Records to process

________________________

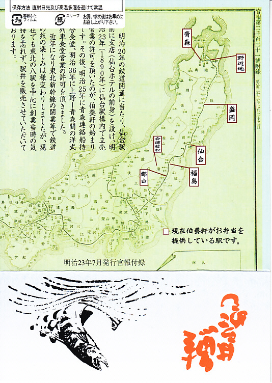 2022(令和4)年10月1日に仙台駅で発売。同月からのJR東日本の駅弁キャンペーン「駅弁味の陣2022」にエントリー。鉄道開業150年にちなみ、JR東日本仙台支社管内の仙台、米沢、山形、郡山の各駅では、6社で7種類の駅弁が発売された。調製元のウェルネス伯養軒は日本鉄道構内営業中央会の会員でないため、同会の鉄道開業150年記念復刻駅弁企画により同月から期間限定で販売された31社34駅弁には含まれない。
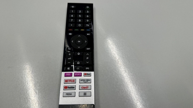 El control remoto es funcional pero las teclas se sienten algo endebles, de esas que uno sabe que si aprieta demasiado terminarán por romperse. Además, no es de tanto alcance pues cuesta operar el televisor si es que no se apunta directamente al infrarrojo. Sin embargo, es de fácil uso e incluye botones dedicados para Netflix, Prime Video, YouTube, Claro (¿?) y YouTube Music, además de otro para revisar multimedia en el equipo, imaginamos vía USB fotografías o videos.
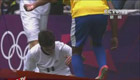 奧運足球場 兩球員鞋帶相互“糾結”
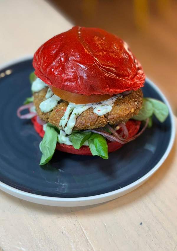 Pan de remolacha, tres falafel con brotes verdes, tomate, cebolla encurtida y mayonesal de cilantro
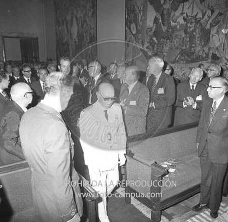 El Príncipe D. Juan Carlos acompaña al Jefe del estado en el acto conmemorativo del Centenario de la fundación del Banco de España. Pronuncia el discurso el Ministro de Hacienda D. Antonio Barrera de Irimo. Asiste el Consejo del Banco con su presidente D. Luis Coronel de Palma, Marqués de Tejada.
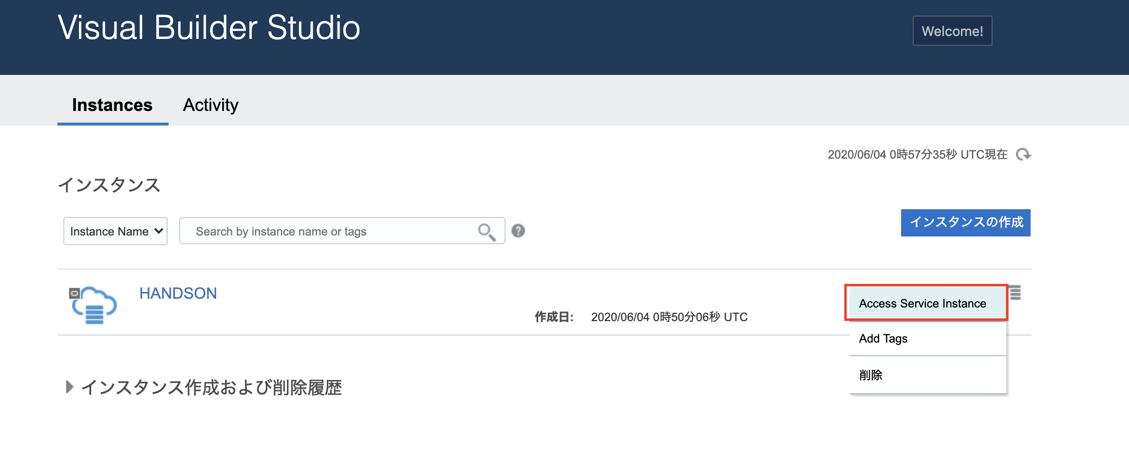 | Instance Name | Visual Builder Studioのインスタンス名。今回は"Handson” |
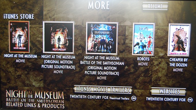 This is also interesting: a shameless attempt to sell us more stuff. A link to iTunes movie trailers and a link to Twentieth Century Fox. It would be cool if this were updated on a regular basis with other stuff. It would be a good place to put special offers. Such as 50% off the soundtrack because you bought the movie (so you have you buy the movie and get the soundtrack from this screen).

________________________

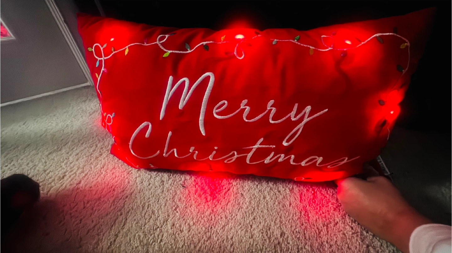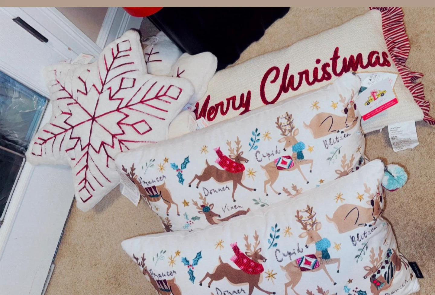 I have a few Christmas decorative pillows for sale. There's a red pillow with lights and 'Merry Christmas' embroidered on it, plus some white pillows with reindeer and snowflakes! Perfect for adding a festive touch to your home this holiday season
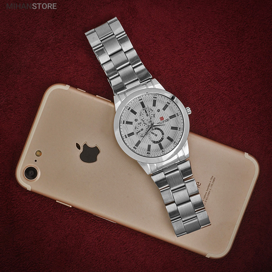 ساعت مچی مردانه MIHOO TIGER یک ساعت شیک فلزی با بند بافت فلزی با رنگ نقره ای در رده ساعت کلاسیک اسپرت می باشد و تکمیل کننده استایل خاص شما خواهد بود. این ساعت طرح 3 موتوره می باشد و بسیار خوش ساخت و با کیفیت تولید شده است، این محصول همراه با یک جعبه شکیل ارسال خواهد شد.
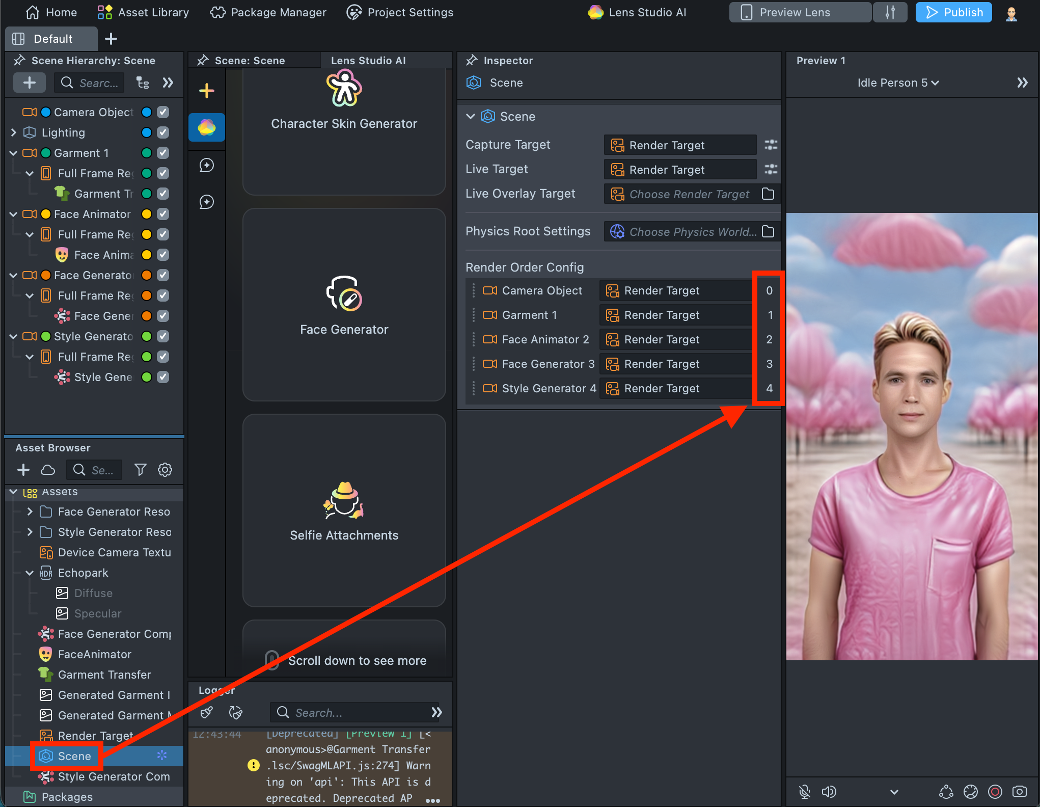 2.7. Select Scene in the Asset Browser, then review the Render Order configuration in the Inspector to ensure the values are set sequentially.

________________________

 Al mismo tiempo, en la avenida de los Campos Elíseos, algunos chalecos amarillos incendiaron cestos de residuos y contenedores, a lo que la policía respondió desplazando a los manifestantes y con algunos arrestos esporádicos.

________________________

The problem
Copy out exactly the lines above beginning with the line that contains "2022(令和4)年10月1" and finishing with the line that contains "This is also", including both; leave the pictures out.

Solution to the problem
 2022(令和4)年10月1日に仙台駅で発売。同月からのJR東日本の駅弁キャンペーン「駅弁味の陣2022」にエントリー。鉄道開業150年にちなみ、JR東日本仙台支社管内の仙台、米沢、山形、郡山の各駅では、6社で7種類の駅弁が発売された。調製元のウェルネス伯養軒は日本鉄道構内営業中央会の会員でないため、同会の鉄道開業150年記念復刻駅弁企画により同月から期間限定で販売された31社34駅弁には含まれない。
 El control remoto es funcional pero las teclas se sienten algo endebles, de esas que uno sabe que si aprieta demasiado terminarán por romperse. Además, no es de tanto alcance pues cuesta operar el televisor si es que no se apunta directamente al infrarrojo. Sin embargo, es de fácil uso e incluye botones dedicados para Netflix, Prime Video, YouTube, Claro (¿?) y YouTube Music, además de otro para revisar multimedia en el equipo, imaginamos vía USB fotografías o videos.
 奧運足球場 兩球員鞋帶相互“糾結”
 Pan de remolacha, tres falafel con brotes verdes, tomate, cebolla encurtida y mayonesal de cilantro
 El Príncipe D. Juan Carlos acompaña al Jefe del estado en el acto conmemorativo del Centenario de la fundación del Banco de España. Pronuncia el discurso el Ministro de Hacienda D. Antonio Barrera de Irimo. Asiste el Consejo del Banco con su presidente D. Luis Coronel de Palma, Marqués de Tejada.
 | Instance Name | Visual Builder Studioのインスタンス名。今回は"Handson” |
 This is also interesting: a shameless attempt to sell us more stuff. A link to iTunes movie trailers and a link to Twentieth Century Fox. It would be cool if this were updated on a regular basis with other stuff. It would be a good place to put special offers. Such as 50% off the soundtrack because you bought the movie (so you have you buy the movie and get the soundtrack from this screen).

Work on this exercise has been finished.